• Exercise aim
Please repeat, exactly and without pictures, the lines of the entries below that run from the one containing "全室、床・クロスの張替え、建" through the one containing "Trzy osoby trafiły".

++++ Data for this exercise ++++

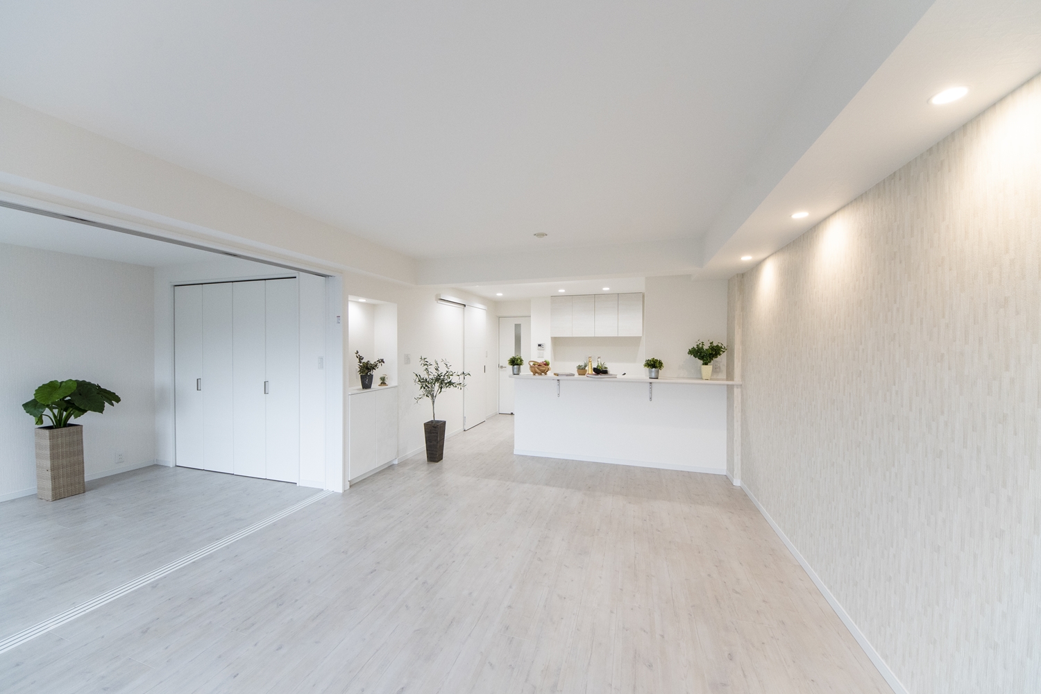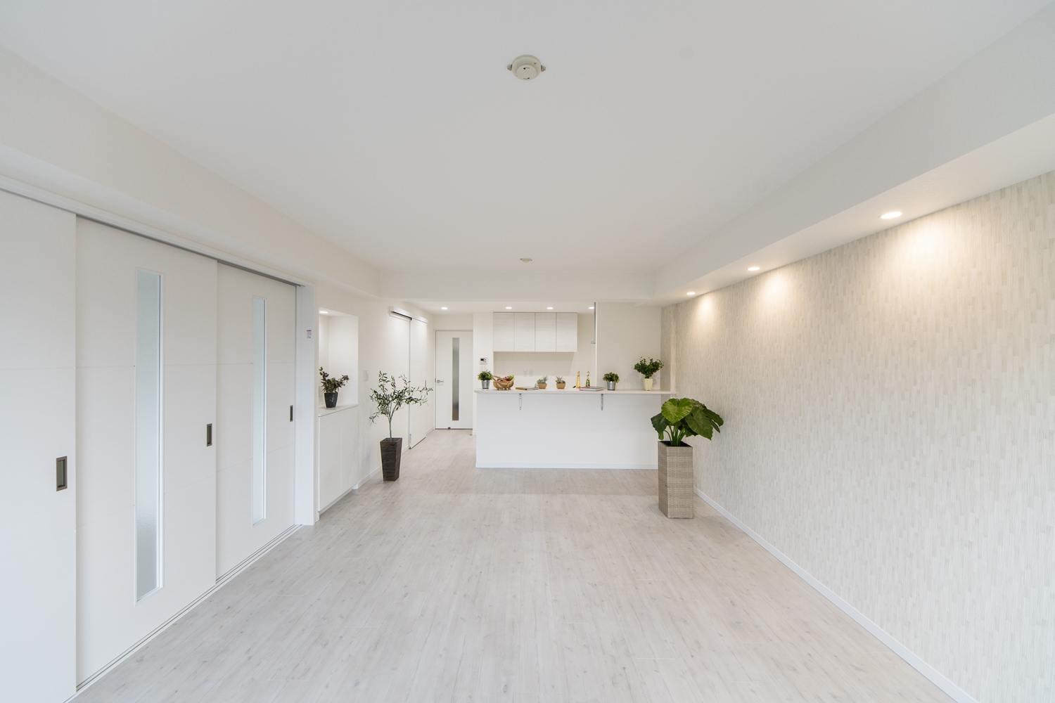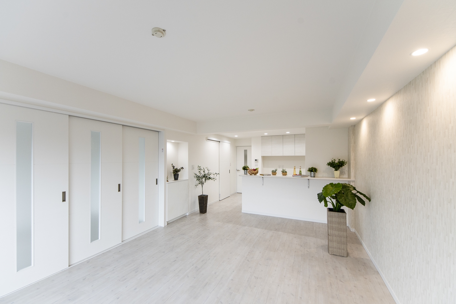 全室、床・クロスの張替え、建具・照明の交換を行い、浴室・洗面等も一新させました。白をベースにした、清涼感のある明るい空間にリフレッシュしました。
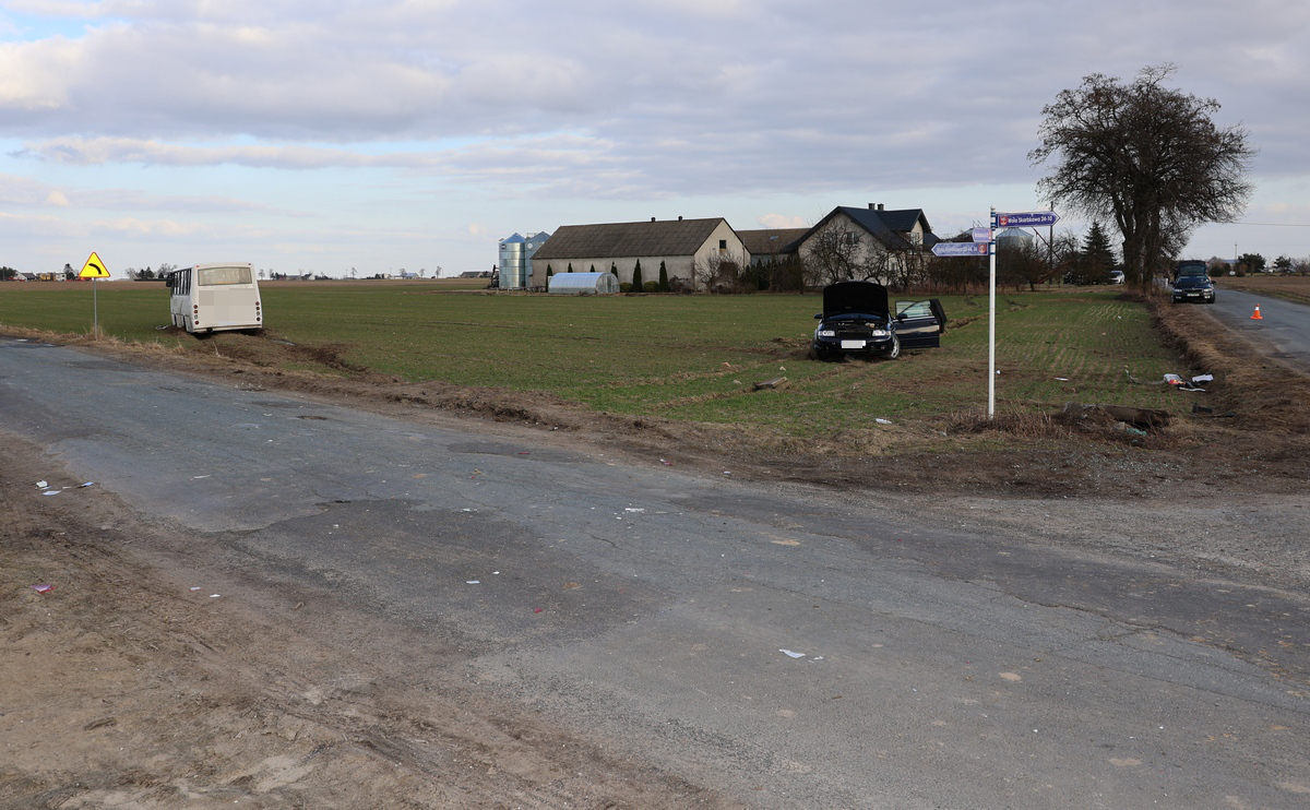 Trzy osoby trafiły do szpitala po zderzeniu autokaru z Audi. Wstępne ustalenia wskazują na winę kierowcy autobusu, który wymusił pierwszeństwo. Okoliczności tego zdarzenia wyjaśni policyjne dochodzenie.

++++
++++ Data for this exercise ++++

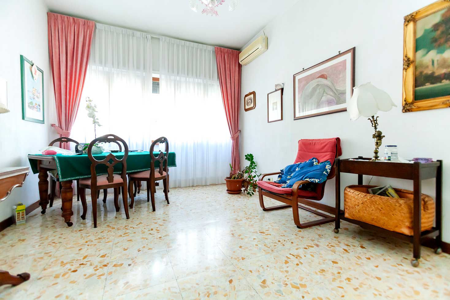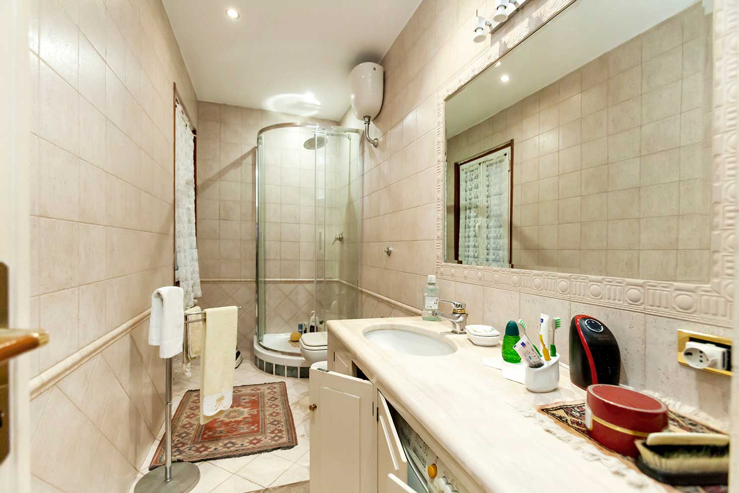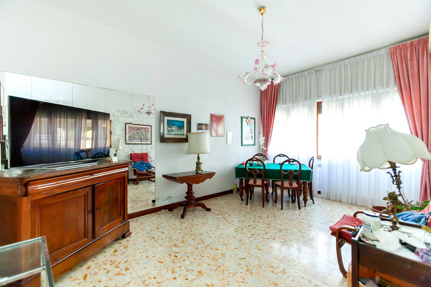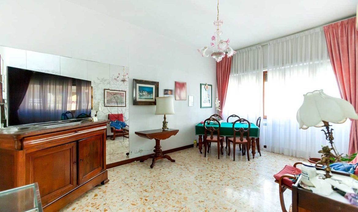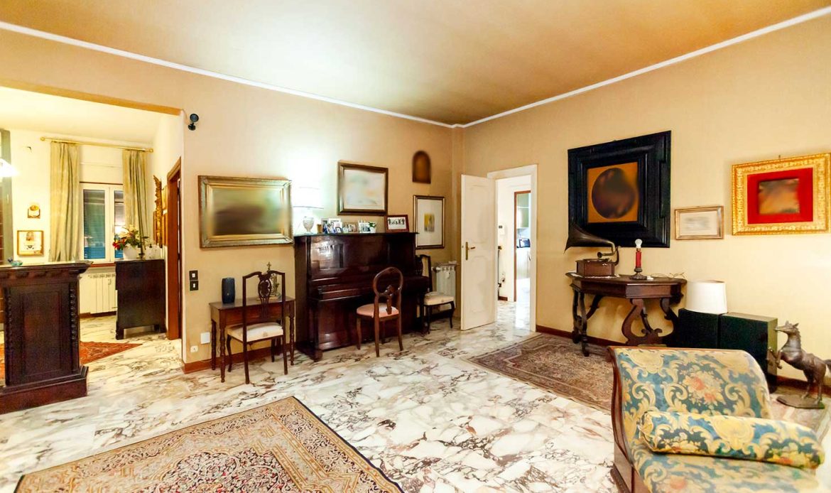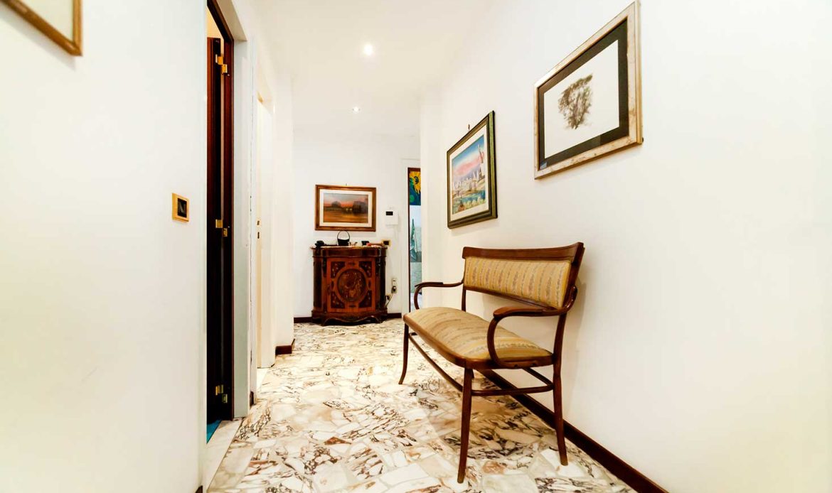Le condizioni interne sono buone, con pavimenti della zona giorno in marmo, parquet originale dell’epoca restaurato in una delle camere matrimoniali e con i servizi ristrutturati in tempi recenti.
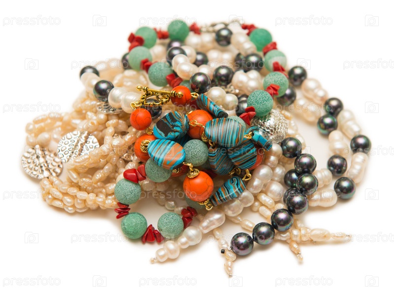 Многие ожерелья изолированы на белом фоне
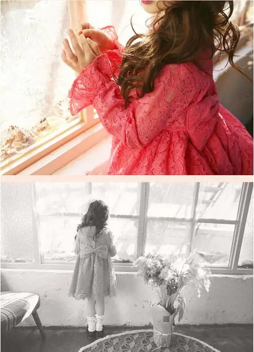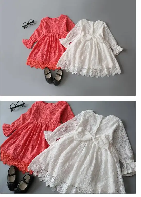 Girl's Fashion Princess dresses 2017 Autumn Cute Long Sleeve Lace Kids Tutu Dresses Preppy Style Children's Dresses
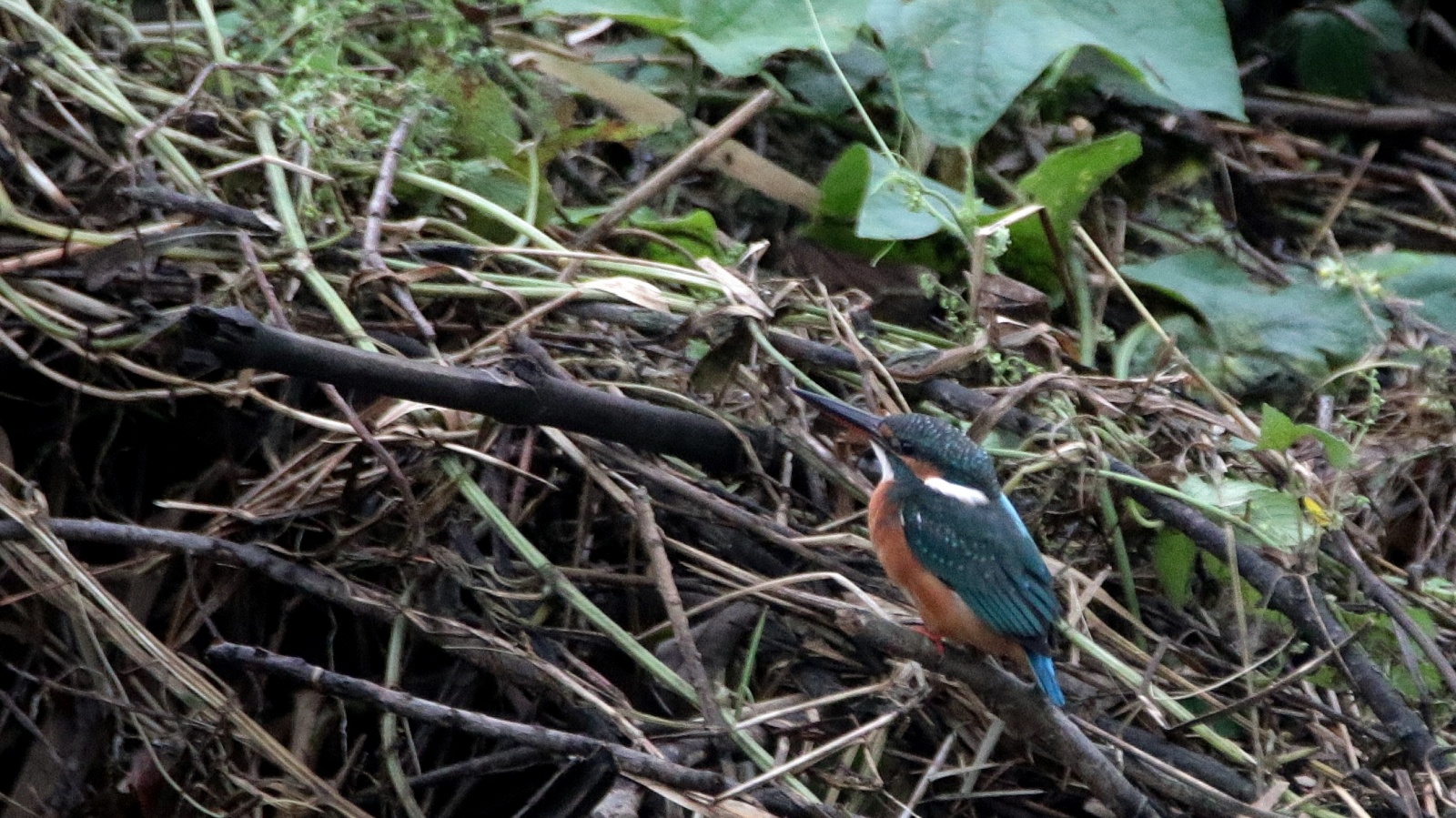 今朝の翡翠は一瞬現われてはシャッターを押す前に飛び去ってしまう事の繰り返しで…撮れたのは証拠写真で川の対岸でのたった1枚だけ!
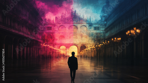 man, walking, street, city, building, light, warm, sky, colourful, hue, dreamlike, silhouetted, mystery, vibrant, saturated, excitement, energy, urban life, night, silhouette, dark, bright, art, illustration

++++
++++ Data for this exercise ++++

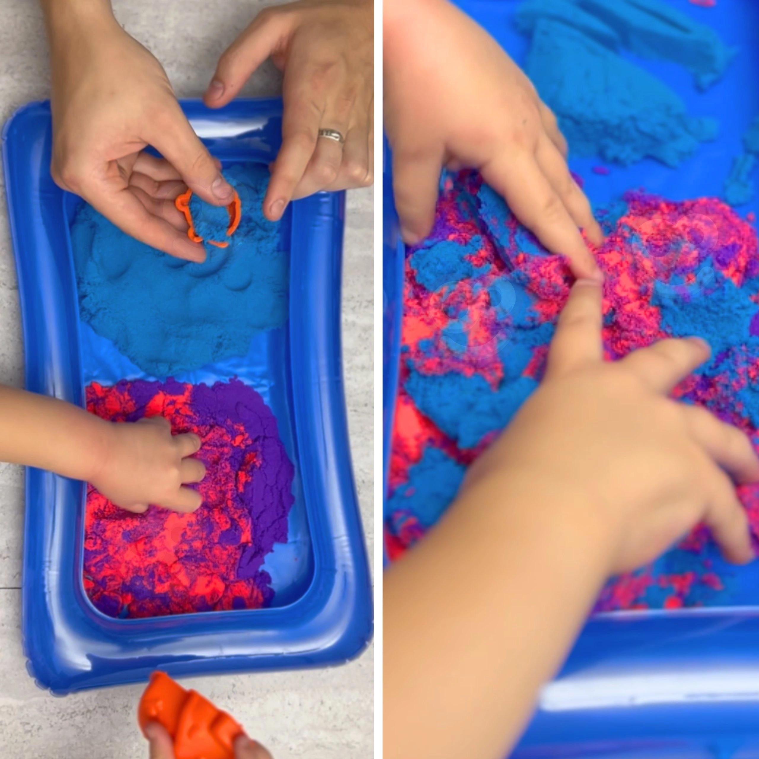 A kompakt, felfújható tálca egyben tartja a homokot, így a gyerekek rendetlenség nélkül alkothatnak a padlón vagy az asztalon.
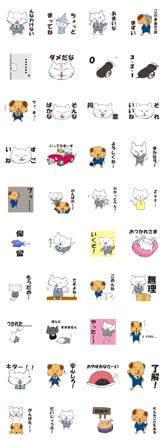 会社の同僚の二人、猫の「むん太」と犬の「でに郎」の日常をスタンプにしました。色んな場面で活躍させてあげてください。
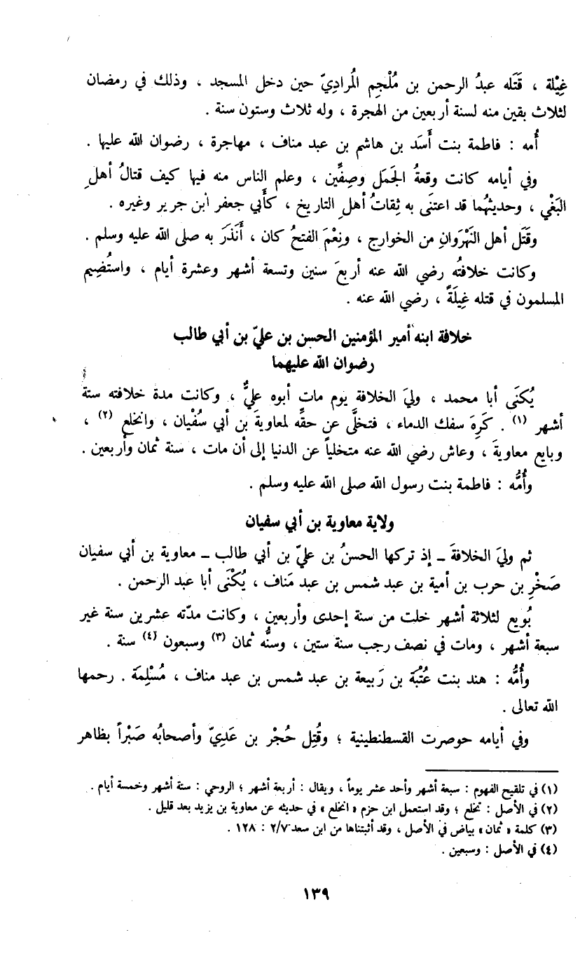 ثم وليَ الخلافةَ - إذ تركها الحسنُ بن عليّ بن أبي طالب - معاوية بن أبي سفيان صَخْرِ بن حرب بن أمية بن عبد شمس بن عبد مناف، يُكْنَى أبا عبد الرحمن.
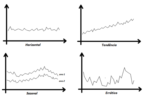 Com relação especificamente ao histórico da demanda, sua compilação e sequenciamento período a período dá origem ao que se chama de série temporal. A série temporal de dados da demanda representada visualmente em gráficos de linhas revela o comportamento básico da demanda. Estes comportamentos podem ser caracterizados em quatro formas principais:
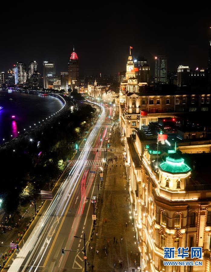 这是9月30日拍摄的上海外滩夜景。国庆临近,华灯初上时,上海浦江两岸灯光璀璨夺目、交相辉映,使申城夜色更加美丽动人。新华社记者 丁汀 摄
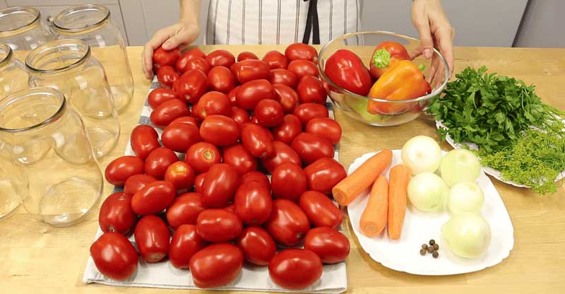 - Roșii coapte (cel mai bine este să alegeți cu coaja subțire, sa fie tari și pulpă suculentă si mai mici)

++++

• The completed task
 全室、床・クロスの張替え、建具・照明の交換を行い、浴室・洗面等も一新させました。白をベースにした、清涼感のある明るい空間にリフレッシュしました。
 Trzy osoby trafiły do szpitala po zderzeniu autokaru z Audi. Wstępne ustalenia wskazują na winę kierowcy autobusu, który wymusił pierwszeństwo. Okoliczności tego zdarzenia wyjaśni policyjne dochodzenie.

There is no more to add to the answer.